甘味と甘味
三題噺もどき―ななひゃくよんじゅうさん。
窓の外には三日月が浮かんでいる。
星の光は小さく光り、薄く雲のかかった夜空が広がっている。
曇り空ではあるが、雨が降ることもないだろう。
「……」
時計を見ると、もうそろそろ休憩の時間だった。
一端区切りもいいし、片づけ始めようかと手をとめたあたりで。
「――ご主人」
「……」
いつもと変わらずノックをしない、小柄な青年が部屋の戸の側に立っていた。
今日はどうやらご機嫌がいいらしく、腰に巻くようなタイプのエプロンをしていた。
後ろ手にひもで結ばれ、垂れたその紐が猫の尾のように揺れている。
「休憩にしましょう」
「あぁ……」
それだけ言い残し、返事を聞いて満足したのか、さっさとリビングに戻っていく。
私も、机の上を少々整え直し、一旦は見られるようにしてから部屋を出る。
端に追いやられていたマグカップを手に取るとその中から、かすかにコーヒーの香りがした。
「……」
電気のついたままの廊下に出ると、甘い香りが漂ってきた。
足元をついてくる者が居ない灯りの下を歩き、リビングへと向かう。
甘い香りは少しずつ強くなっていく。
「……んぉ」
廊下とリビングを仕切っている扉を押し開くと、甘い香りが一気に押し寄せた。
チョコレート菓子を毎日のように作っていたあのバレンタインの時期を思い出す。
子の甘い香りの正体がチョコレートだからなおのこと。
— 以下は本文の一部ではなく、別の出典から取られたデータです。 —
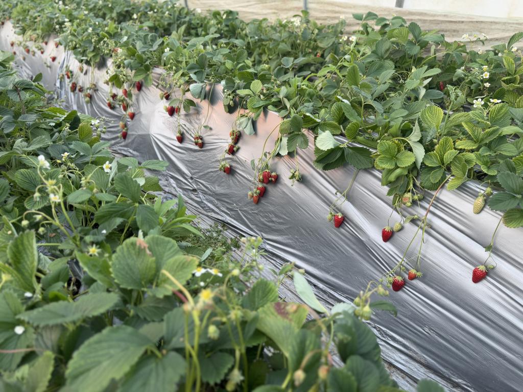 下午三时,阳光和煦,春意盎然。女教职工们抵达乐土农场,在工作人员的引导下走进草莓大棚。翠绿的藤叶间缀满鲜红饱满的果实,清新的果香扑面而来。大家手持采摘篮,弯腰俯身,一边挑选成熟的草莓,一边分享生活趣事,现场气氛轻松融洽,欢声笑语不断。农场负责人介绍,园内草莓采用生态种植技术,绿色健康,女教职工们不仅体验了采摘的乐趣,更感受到乡村振兴背景下的现代农业魅力。

思わずうめき声のようなものが漏れるほどには、その香りは強かった。
「……何を作ったんだ」
別段、甘いものが苦手というわけでもましてや嫌いと言うわけでもないのだが。
暴力ともいえるようなくらいの匂いになると、さすがにこれだけで胸焼けを起こしかねない。そう思えるほどにチョコレートの匂いが部屋を満たしている。
「たいしたものじゃないですよ」
そういいながら、私の持っていたマグカップ受け取りながら、一度汚れを落とす。
どうせコーヒーを飲むのだから、洗わなくてもいい……と思ったが、どうやら今日は飲み物まで指定されているようだ。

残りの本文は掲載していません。